The Application Layer is a FastAPI application that provides the HuggingFace-compatible API, authentication and permissions, and the Git Smart HTTP server.
The Data Layer is composed of three main components:
- LakeFS: Provides Git-like versioning for data, including branches, commits, and tags.
- PostgreSQL: Stores metadata for users, repositories, and files.
- MinIO: An S3-compatible object storage for large files and LFS objects.
Core Concepts
File Size Thresholds
Kohaku Hub handles file uploads differently based on their size. The threshold is configurable via the KOHAKU_HUB_LFS_THRESHOLD_BYTES environment variable (default: 5MB).
graph TD
A[Start] --> B{File > 5MB?};
B -- Yes --> C[Get S3 presigned URL];
C --> D[Upload to S3];
D --> E[Commit with file pointer];
B -- No --> F[Commit with file content];
- Small Files (<= 5MB): Files smaller than or equal to the threshold are uploaded directly to the FastAPI server, encoded in Base64 within the commit payload.

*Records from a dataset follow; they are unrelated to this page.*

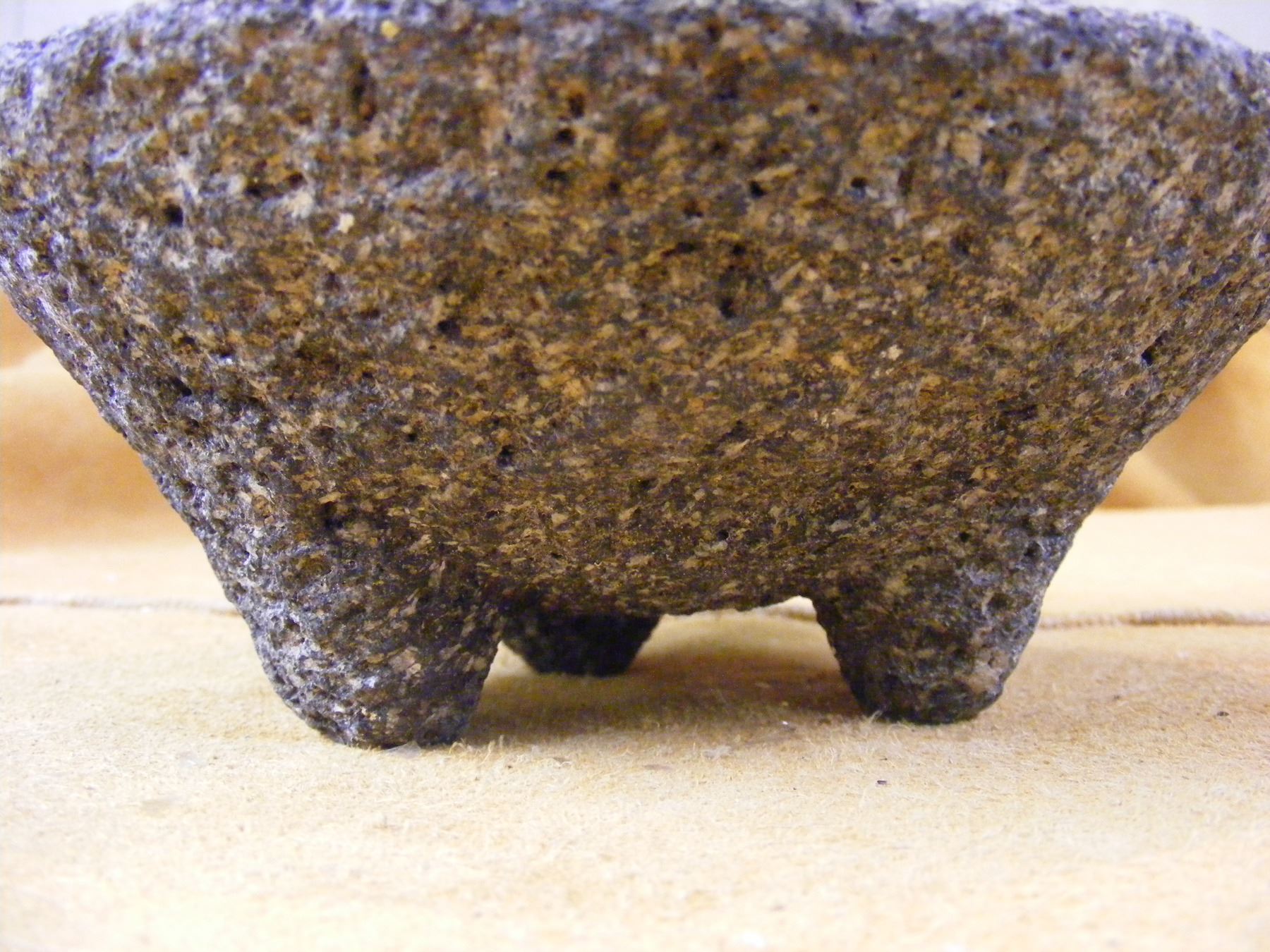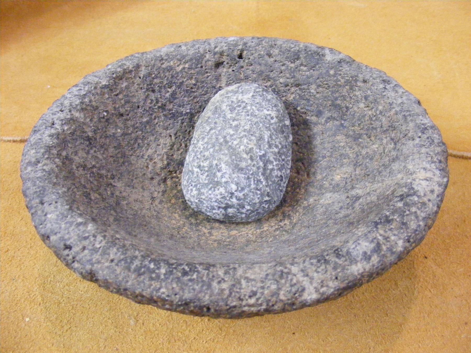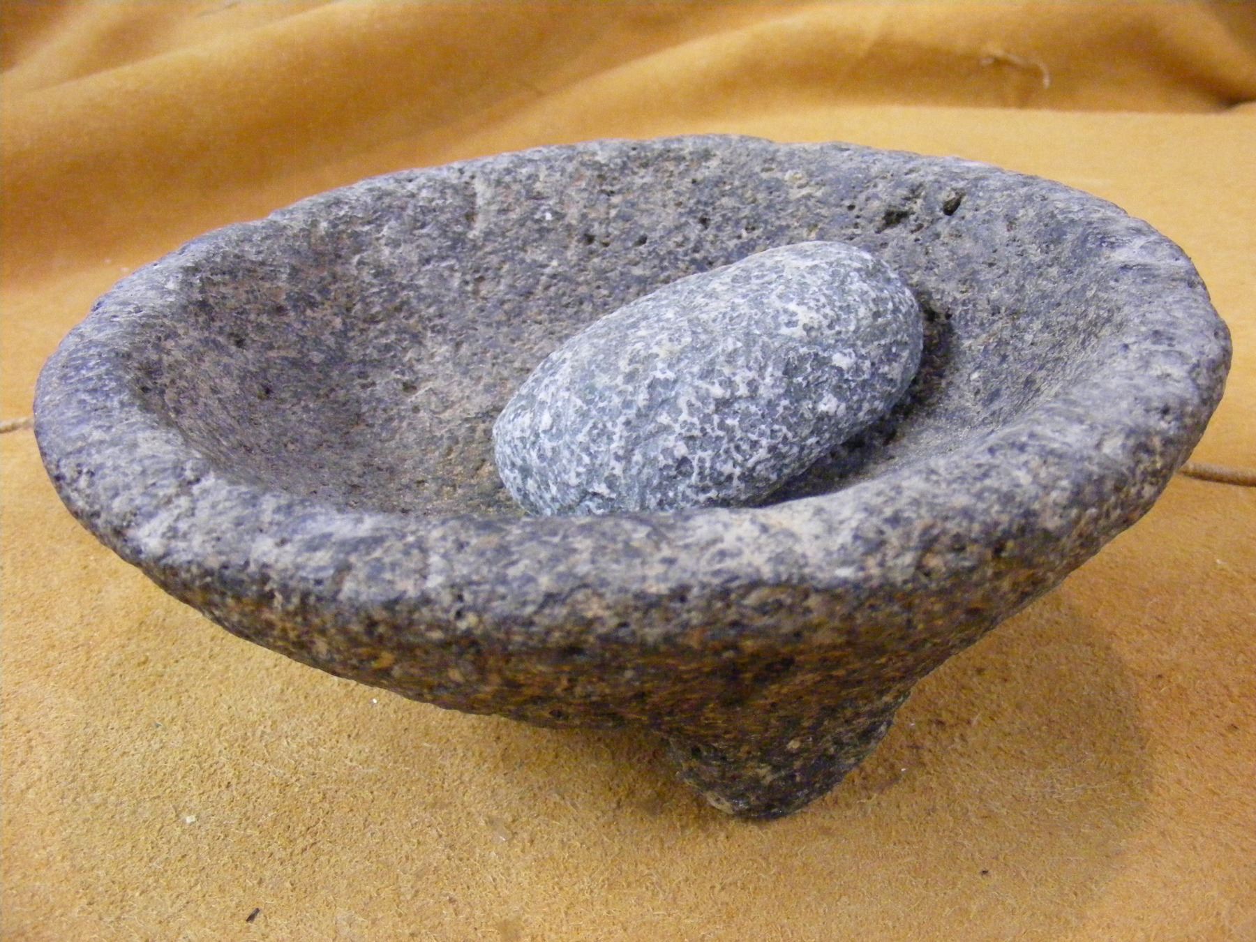 Southwest Stone Bowl and Grinder. 3 Legs. Nice Older Piece. 7" x 3" tall.
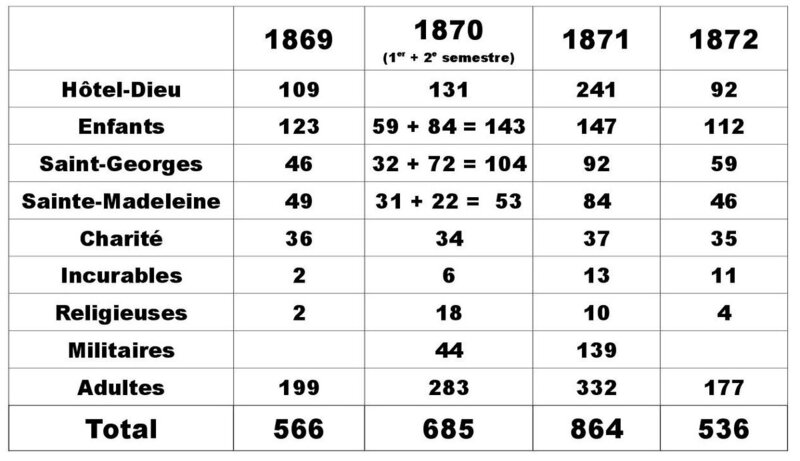 La Bresse est atteinte au cours de ce second semestre 1870 et la presse locale reprend un communiqué de l’Académie de médecine recommandant la revaccination [19]. L’épidémie frappe Bourg et les décès se multiplient à l’Hôtel-Dieu et dans les formations sanitaires, aménagées pour la guerre.
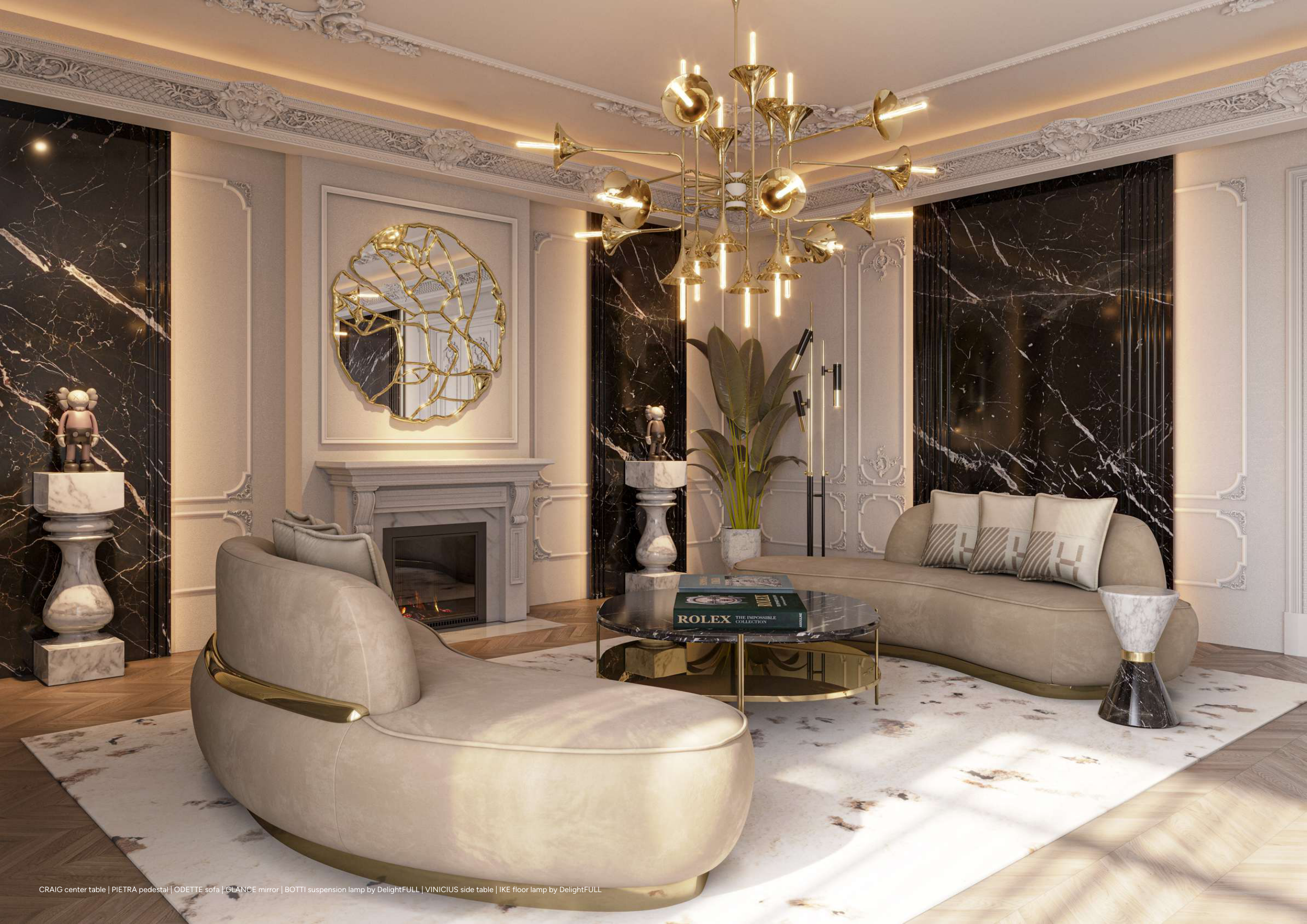CRAIG center table | PIETRA pedestal | ODETTE sofa | GLANCE mirror | BOTTI suspension lamp by DelightFULL | VINICIUS side table | IKE floor lamp by DelightFULL
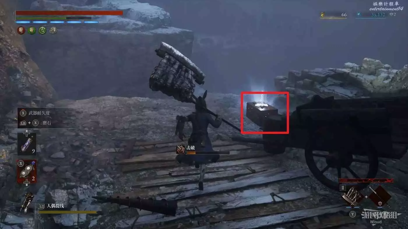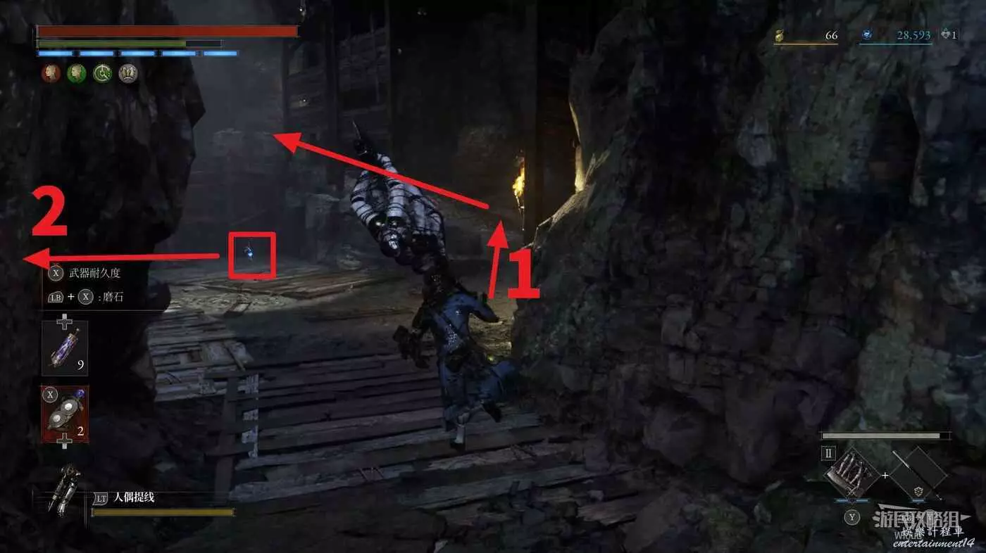 通過隧道來到第一個開闊區域,拾取前面道具,先走下圖1號路線,穿過一段木橋走到頭可找到一個寶箱,獲得【古老圓盤】。
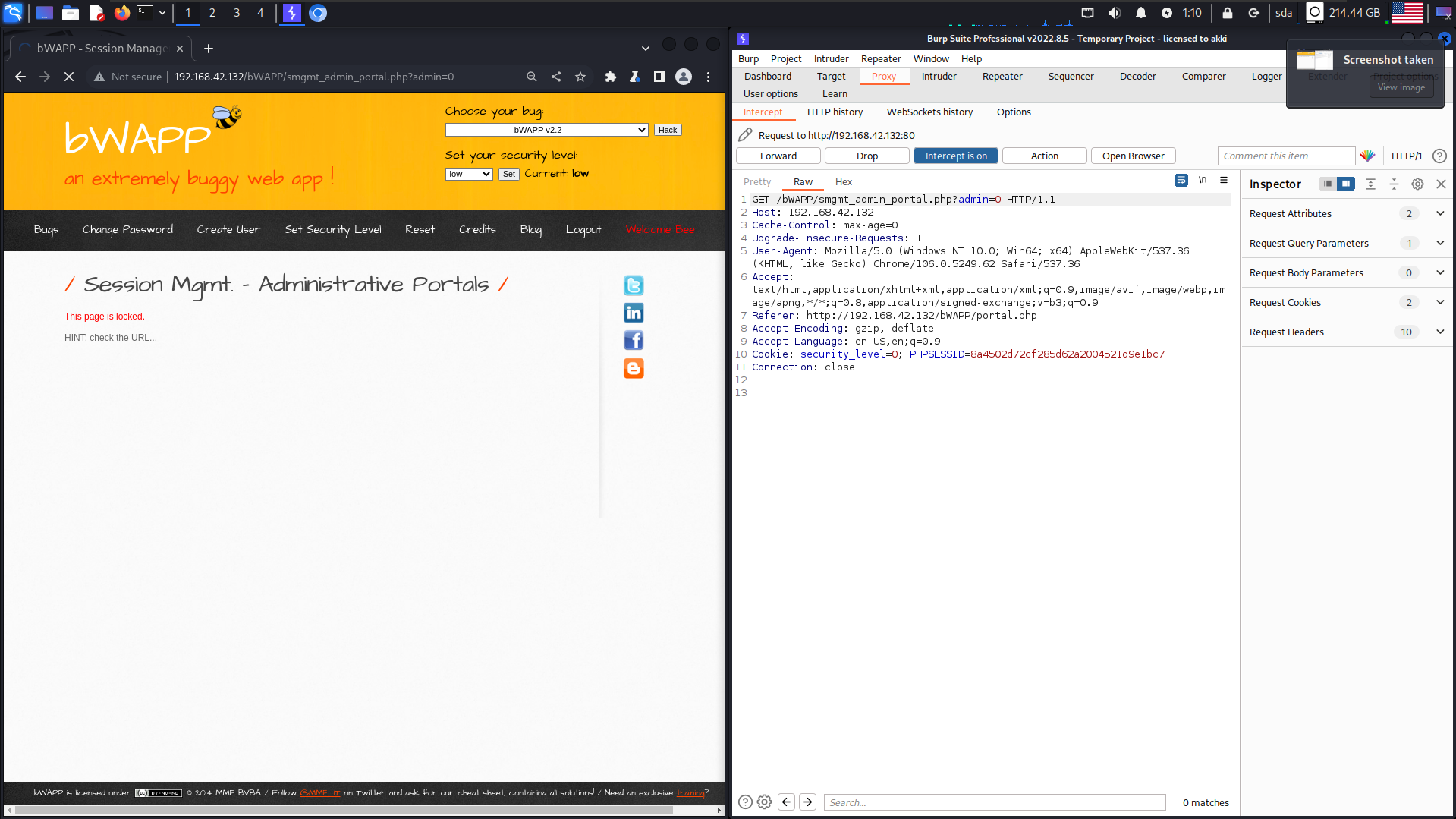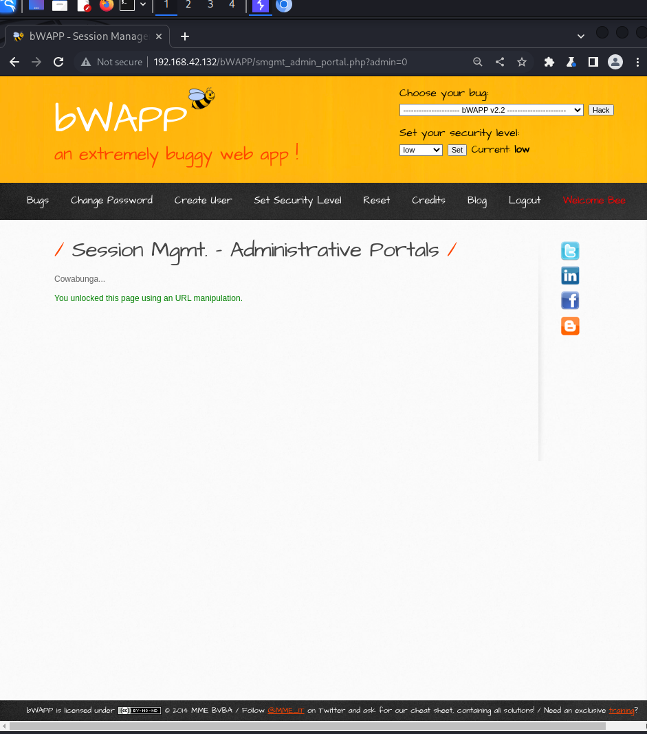 bWAPPA2 - Broken Auth&Session MgmtSession Mgmt - Administrative PortalsSession Mgmt. - Administrative Portals Меняем 0 на 1 в поле admin и спокойно входим
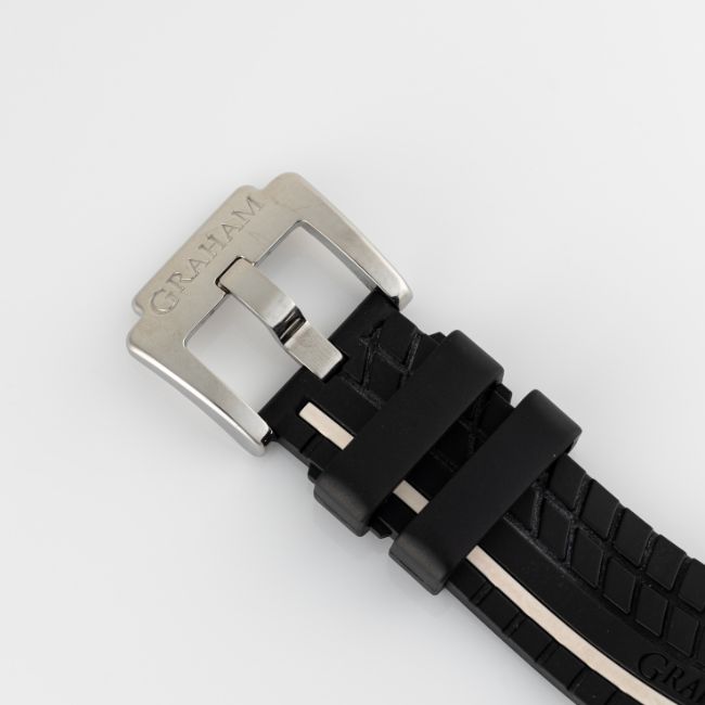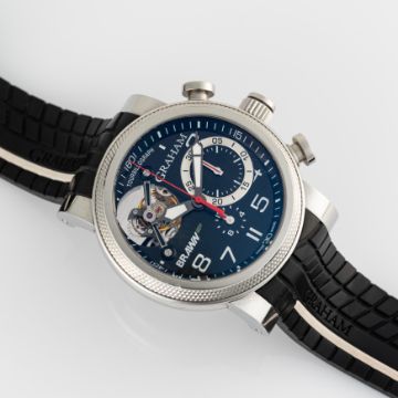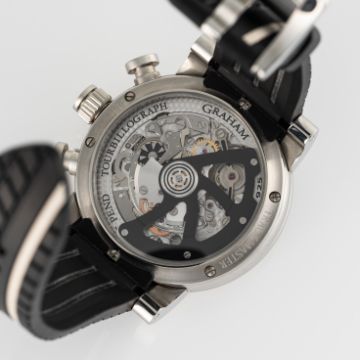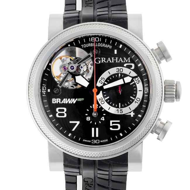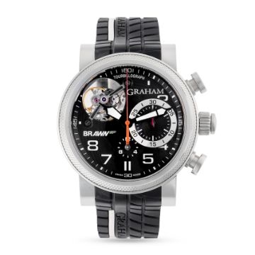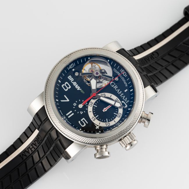 A GENTLEMAN'S SIZE STAINLESS STEEL GRAHAM TRACKMASTER TOURBILLOGRAPH TOURBILLION CHRONOGRAPH WRIST WATCHCIRCA 2021, REF. 2BRTS.B03A.K68W BRAWN GP LIMITED EDITION OF 100 PIECESMovement: 34J, automatic, signed Graham.Case: Diameter approx. 47mm, exhibition case back, signed Trackmaster, Limited Edition number, original crown.Strap: Original Graham rubber strap & stainless steel pin buckle. CONDITION REPORTDial: Original dial in excellent condition.Movement: Running & functioning at present, timekeeping and accuracy cannot be guaranteed.Case: In very good condition, with some light scratches due to general use.Strap/Bracelet: In excellent condition.
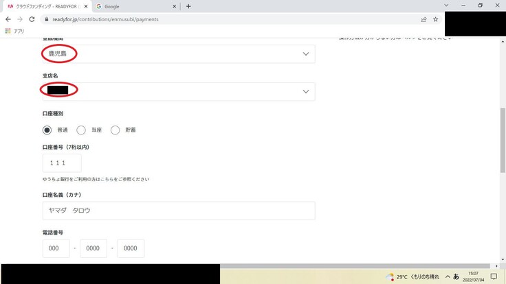 上記(鹿児島銀行の場合) 金融機関名に鹿児島 支店名入力 口座種別 口座番号 口座氏名 電話番号を入力

- Large Files (> 5MB): For files larger than the threshold, the client requests a presigned S3 URL from the server. The client then uploads the file directly to S3, and the commit contains a pointer to the file in S3. This avoids proxying large files through the application server, improving performance and scalability.
Note: The LFS threshold is configurable via KOHAKU_HUB_LFS_THRESHOLD_BYTES (default: 5MB = 5,242,880 bytes).
Storage Layout
S3 Bucket Structure:
s3://hub-storage/
│
├── hf-model-org-repo/ ← LakeFS managed repository
│ └── main/ ← Branch
│ ├── config.json
│ └── model.safetensors
│
└── lfs/ ← LFS objects (content-addressable)
└── ab/ ← First 2 chars of SHA256
└── cd/ ← Next 2 chars
└── abcd1234... ← Full SHA256 hash
Git Clone Support
Overview
KohakuHub supports native Git clone operations using pure Python implementation (no pygit2/libgit2).
Git URL Format:
http://hub.example.com/{namespace}/{repo-name}.git
Git Endpoints:
GET /{namespace}/{name}.git/info/refs?service=git-upload-pack- Service advertisementPOST /{namespace}/{name}.git/git-upload-pack- Clone/fetch/pullGET /{namespace}/{name}.git/HEAD- Get HEAD referencePOST /{namespace}/{name}.git/git-receive-pack- Push (in progress)
LFS Integration
Automatic LFS Pointers:
- Files <1MB: Included in Git pack as regular blobs
- Files >=1MB: Converted to LFS pointers (100-byte text files)
LFS Pointer Format:
version https://git-lfs.github.com/spec/v1
oid sha256:abc123...
size 10737418240
Client Workflow:
# 1. Clone (gets pointers for large files)
git clone http://hub.example.com/org/repo.git
# 2. Download large files via LFS
cd repo
git lfs install
git lfs pull # Uses existing /info/lfs/ endpoints
Benefits:
- Fast clones (only metadata + small files)
- No memory issues (LFS pointers are tiny)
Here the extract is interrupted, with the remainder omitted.